How to Apply no filter on the specific end point

Question

I am using spring boot and spring security for web applications. I wanted to apply for no filter on my public API. Now what I am doing is the equality check on the path which is sent by the client and the path which I have hard code if it is equal then I am not applying the filter.

Code sample

protected boolean shouldNotFilter(HttpServletRequest request) throws ServletException {
    return request.getRequestURI().equals("api/v1/public/hello"));
}

But this approach is not a good way to do. As in, there can be multiple public endpoints and I can't put an equal check on each of them. I need a solution where I can have all my public endpoints in one place and when the request comes I simply have to check in that one place if it is present then no filter will be applied.

Answer 1

Assuming you are talking about the Spring Security Filters and you may want to expose some APIs publicly.

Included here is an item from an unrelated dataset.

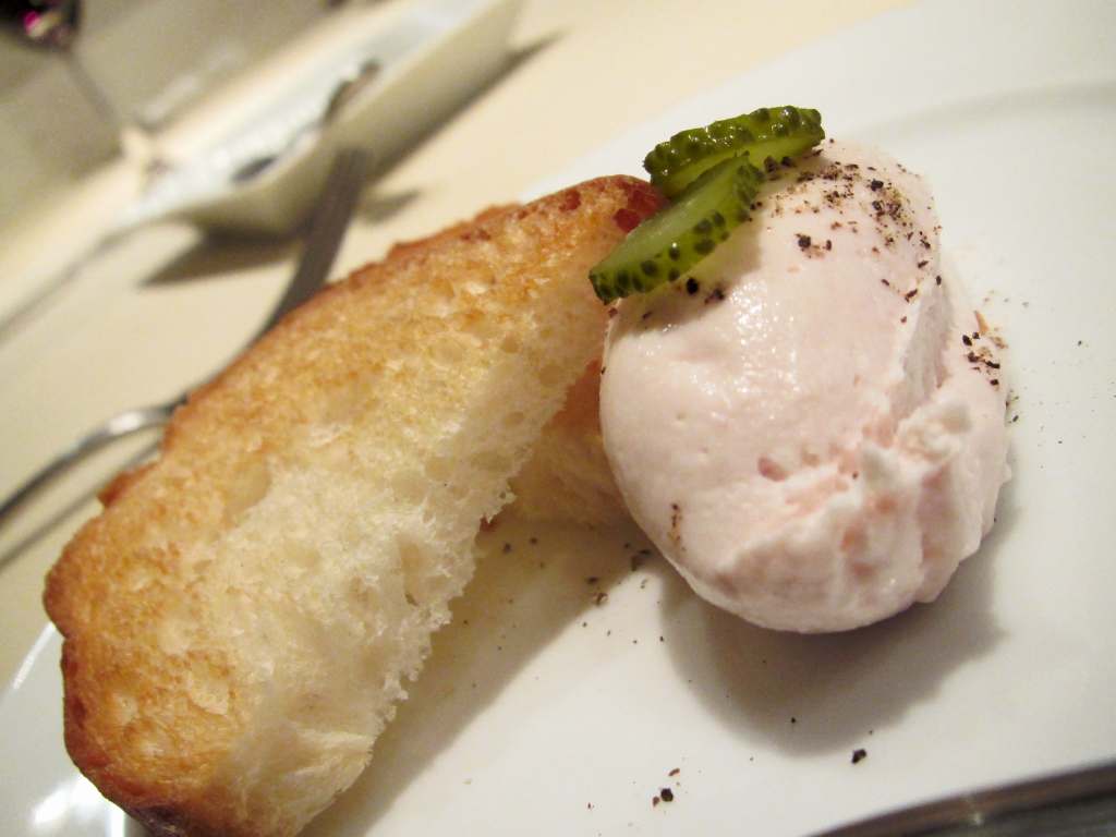 小さなオードブルはハムのムース。

You may use configure(WebSecurity web) or configure(HttpSecurity http) method to achieve the goal. To prevent the filters to be applied you may use configure(WebSecurity web) method. This will omit the request pattern from the security filter chain entirely. Note that anything matching this path will then have no authentication or authorization services applied and will be freely accessible.

@Override
public void configure(WebSecurity web) throws Exception {
    web
        .ignoring()
        .antMatchers("api/v1/public/**");
} 

Answer 2

use antMatcher to exclude your public domain.

http.cors().and().csrf().disable().authorizeRequests()
    .antMatchers("api/v1/public/**", "/health").permitAll()
    .anyRequest()..authenticated();

Usually, closing your app for all and opening for the desired endpoint is the best security practice.